> [AIM OF THE TASK] Transcribe the entries below exactly from their first line through the line containing "A BLUE&WHITE GLAZE DRAGON PATTERN CENSER", and let no picture into the copy.

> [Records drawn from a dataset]
- Opening Delimiter -
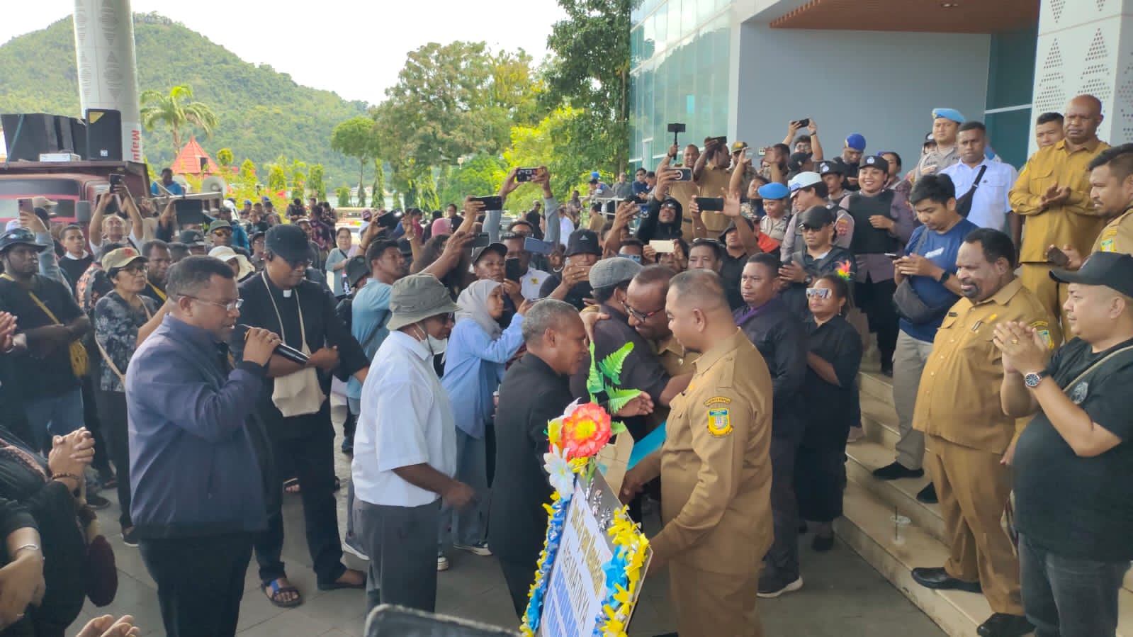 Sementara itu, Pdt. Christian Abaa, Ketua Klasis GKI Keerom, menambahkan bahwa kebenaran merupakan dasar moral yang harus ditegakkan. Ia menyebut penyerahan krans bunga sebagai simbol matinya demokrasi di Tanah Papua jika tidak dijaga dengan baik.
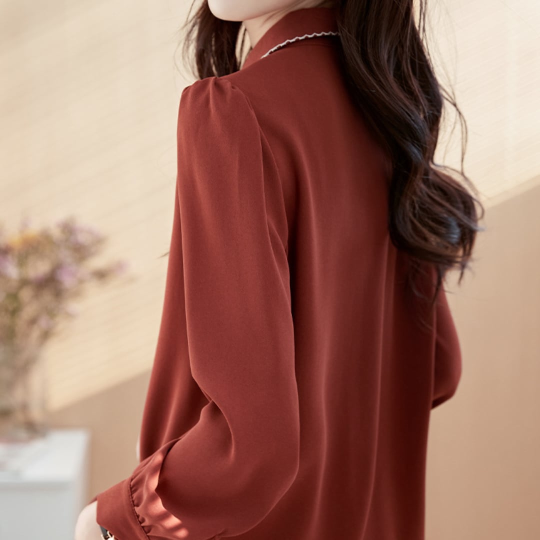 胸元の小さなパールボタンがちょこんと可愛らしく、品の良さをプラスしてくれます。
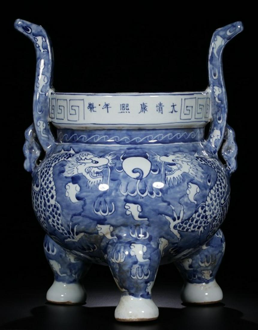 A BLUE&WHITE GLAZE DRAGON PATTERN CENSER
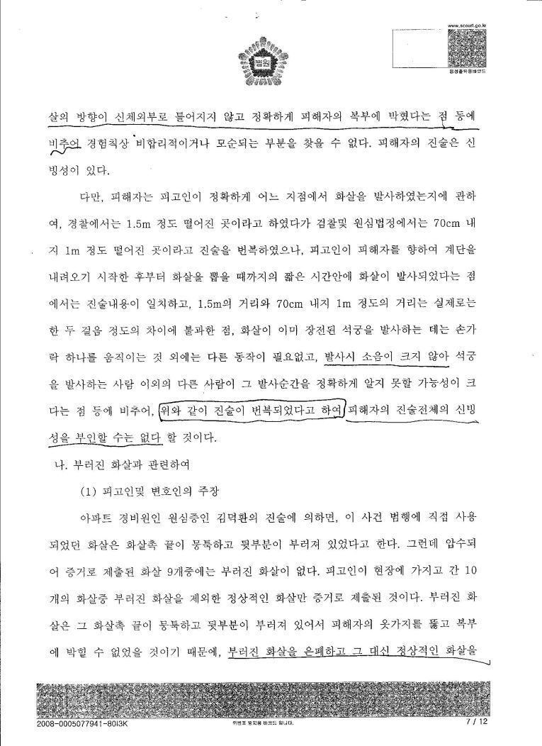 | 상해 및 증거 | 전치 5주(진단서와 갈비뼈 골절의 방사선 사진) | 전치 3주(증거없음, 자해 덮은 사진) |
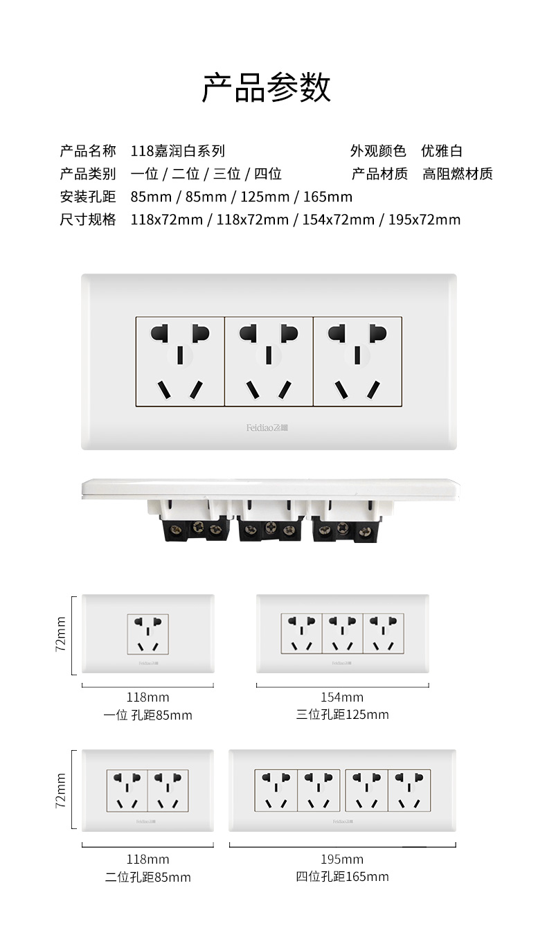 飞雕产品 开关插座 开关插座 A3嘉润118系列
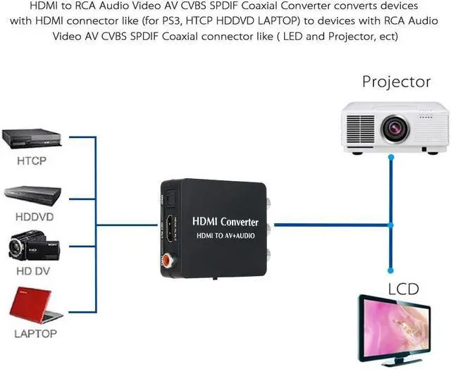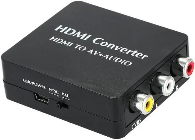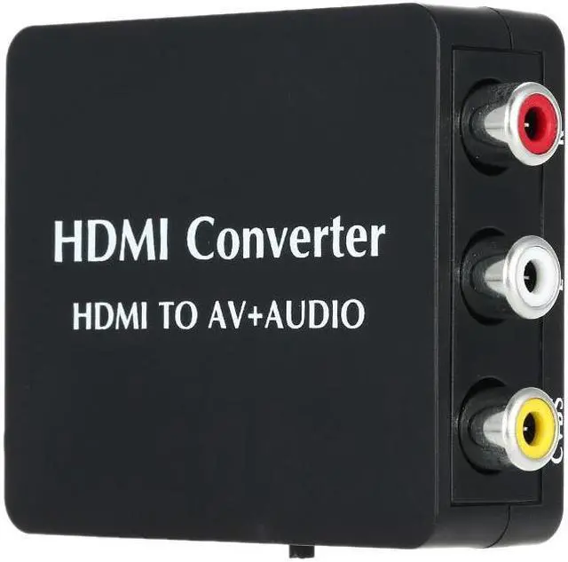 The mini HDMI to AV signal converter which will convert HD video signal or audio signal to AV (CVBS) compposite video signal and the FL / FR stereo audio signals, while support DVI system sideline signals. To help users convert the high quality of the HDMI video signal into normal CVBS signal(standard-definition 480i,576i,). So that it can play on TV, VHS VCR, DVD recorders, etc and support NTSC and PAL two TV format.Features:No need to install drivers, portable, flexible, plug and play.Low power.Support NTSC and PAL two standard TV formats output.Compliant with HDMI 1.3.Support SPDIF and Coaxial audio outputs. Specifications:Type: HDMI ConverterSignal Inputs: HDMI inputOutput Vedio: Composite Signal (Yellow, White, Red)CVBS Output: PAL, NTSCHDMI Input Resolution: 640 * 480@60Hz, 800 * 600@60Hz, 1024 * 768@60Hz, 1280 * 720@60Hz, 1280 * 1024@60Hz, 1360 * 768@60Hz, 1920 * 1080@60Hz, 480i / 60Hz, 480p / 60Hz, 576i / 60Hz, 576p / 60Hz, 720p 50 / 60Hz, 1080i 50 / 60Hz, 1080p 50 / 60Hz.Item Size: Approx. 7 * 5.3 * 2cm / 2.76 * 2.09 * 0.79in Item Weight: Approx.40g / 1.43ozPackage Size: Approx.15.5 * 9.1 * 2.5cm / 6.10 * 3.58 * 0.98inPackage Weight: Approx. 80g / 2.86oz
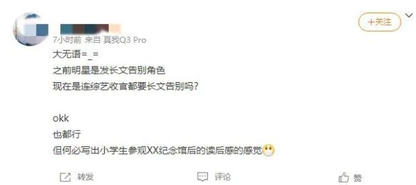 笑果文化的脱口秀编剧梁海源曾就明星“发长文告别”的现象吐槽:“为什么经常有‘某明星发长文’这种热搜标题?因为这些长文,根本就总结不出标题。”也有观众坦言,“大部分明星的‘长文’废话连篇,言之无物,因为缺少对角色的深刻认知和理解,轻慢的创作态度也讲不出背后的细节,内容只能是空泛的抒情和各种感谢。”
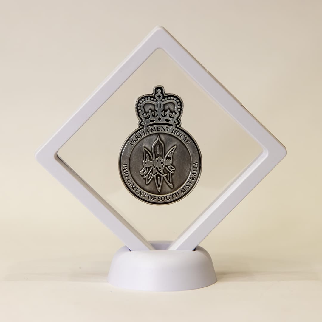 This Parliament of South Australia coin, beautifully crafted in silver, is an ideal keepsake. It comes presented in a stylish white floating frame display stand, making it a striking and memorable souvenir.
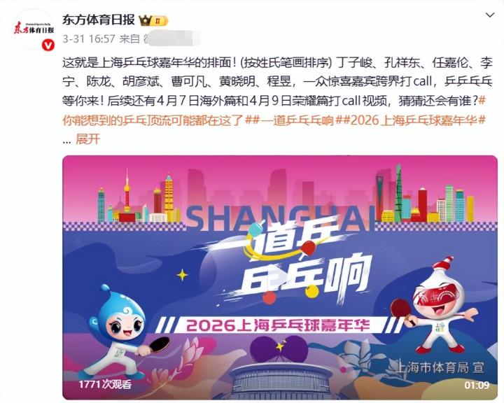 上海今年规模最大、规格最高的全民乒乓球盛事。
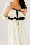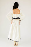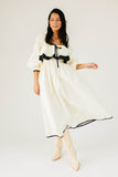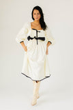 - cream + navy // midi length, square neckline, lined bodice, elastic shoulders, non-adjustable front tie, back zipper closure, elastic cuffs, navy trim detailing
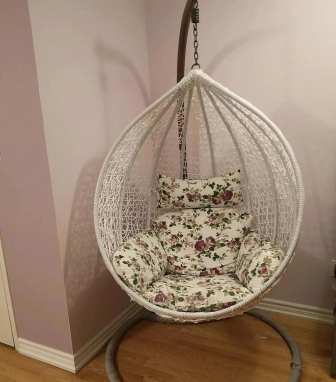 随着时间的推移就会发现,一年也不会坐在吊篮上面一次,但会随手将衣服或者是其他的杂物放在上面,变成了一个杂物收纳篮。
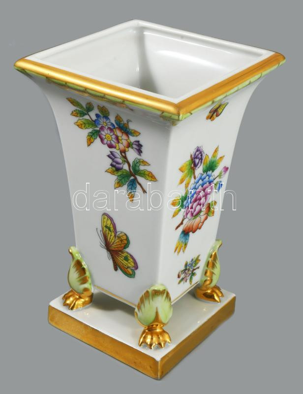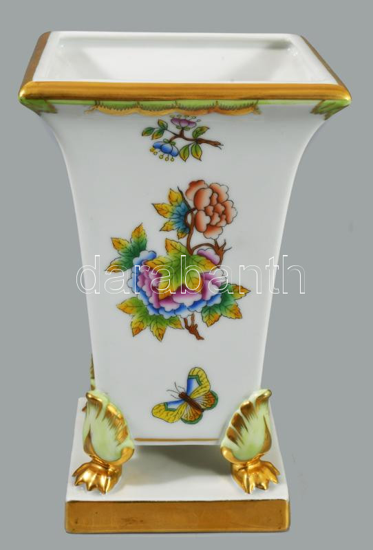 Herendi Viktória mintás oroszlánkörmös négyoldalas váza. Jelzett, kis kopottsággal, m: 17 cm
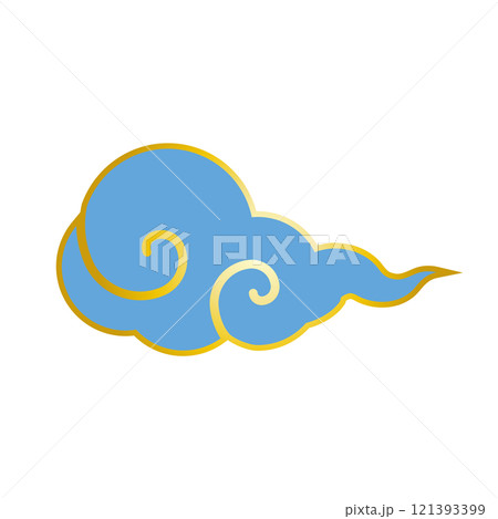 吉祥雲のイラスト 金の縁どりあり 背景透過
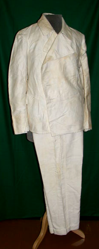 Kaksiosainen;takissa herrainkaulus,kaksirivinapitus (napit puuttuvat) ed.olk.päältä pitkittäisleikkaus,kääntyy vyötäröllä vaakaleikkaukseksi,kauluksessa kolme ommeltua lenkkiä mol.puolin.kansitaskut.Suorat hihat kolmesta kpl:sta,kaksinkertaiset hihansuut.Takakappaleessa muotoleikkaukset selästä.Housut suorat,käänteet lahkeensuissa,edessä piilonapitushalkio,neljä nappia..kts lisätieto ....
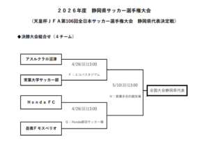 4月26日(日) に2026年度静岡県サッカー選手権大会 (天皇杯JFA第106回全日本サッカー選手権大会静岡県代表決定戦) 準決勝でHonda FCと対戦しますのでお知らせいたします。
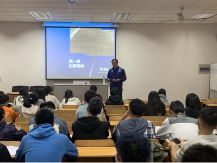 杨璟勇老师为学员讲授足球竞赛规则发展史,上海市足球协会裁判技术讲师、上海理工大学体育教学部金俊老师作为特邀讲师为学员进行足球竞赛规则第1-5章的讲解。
- Closing Delimiter -
> [WRITTEN REPLY]
 Sementara itu, Pdt. Christian Abaa, Ketua Klasis GKI Keerom, menambahkan bahwa kebenaran merupakan dasar moral yang harus ditegakkan. Ia menyebut penyerahan krans bunga sebagai simbol matinya demokrasi di Tanah Papua jika tidak dijaga dengan baik.
 胸元の小さなパールボタンがちょこんと可愛らしく、品の良さをプラスしてくれます。
 A BLUE&WHITE GLAZE DRAGON PATTERN CENSER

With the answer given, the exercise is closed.